Information provided in the OGRDB standardized genotype

Field Description
sequence_id Identifier of the allele (either IMGT, or the name assigned by the submitter to an inferred gene)
sequences Overall number of sequences assigned to this allele
closest_reference For inferred alleles, the closest reference gene and allele, as inferred by the tool
closest_host For inferred alleles, the closest reference gene and allele that is in the subject's inferred genotype
nt_diff For inferred alleles, the number of nucleotides that differ between this sequence and the closest reference gene and allele
nt_diff_host For inferred alleles, the number of nucleotides that differ between this sequence and the closest reference gene and allele that is in the subject's inferred genotype
nt_substitutions For inferred alleles, comma-separated list of nucleotide substitutions (e.g. G112A) between the sequence and the closest reference gene and allele. IMGT numbering is used for V-genes, and number from start of coding sequence for D- or J- genes.
aa_diff For inferred alleles, the number of amino acids that differ between this sequence and the closest reference gene and allele
aa_substitutions For inferred alleles, the list of amino acid substitutions (e.g. A96N) between the sequence and the closest reference gene and allele.

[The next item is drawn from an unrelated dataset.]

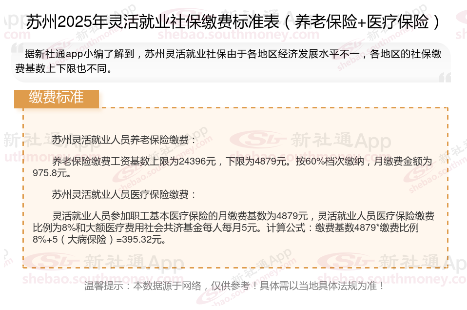 二、苏州2024-2025年灵活就业社保缴费基数、比例最新消息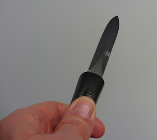 | La Lama esce frontalmente spingendo leggermente il pulsante in avanti La lama si chiude rientrando spingendo leggermente il pulsante verso dietro |

IMGT numbering is used for V-genes, and number from start of coding sequence for D- or J- genes.
unmutated_sequences The number of sequences exactly matching this unmutated sequence
assigned_unmutated_frequency The number of sequences exactly matching this allele divided by the number of sequences assigned to this allele, *100
unmutated_umis The number of molecules (identified by Unique Molecular Identifiers) exactly matching this unmutated sequence (if UMIs were used)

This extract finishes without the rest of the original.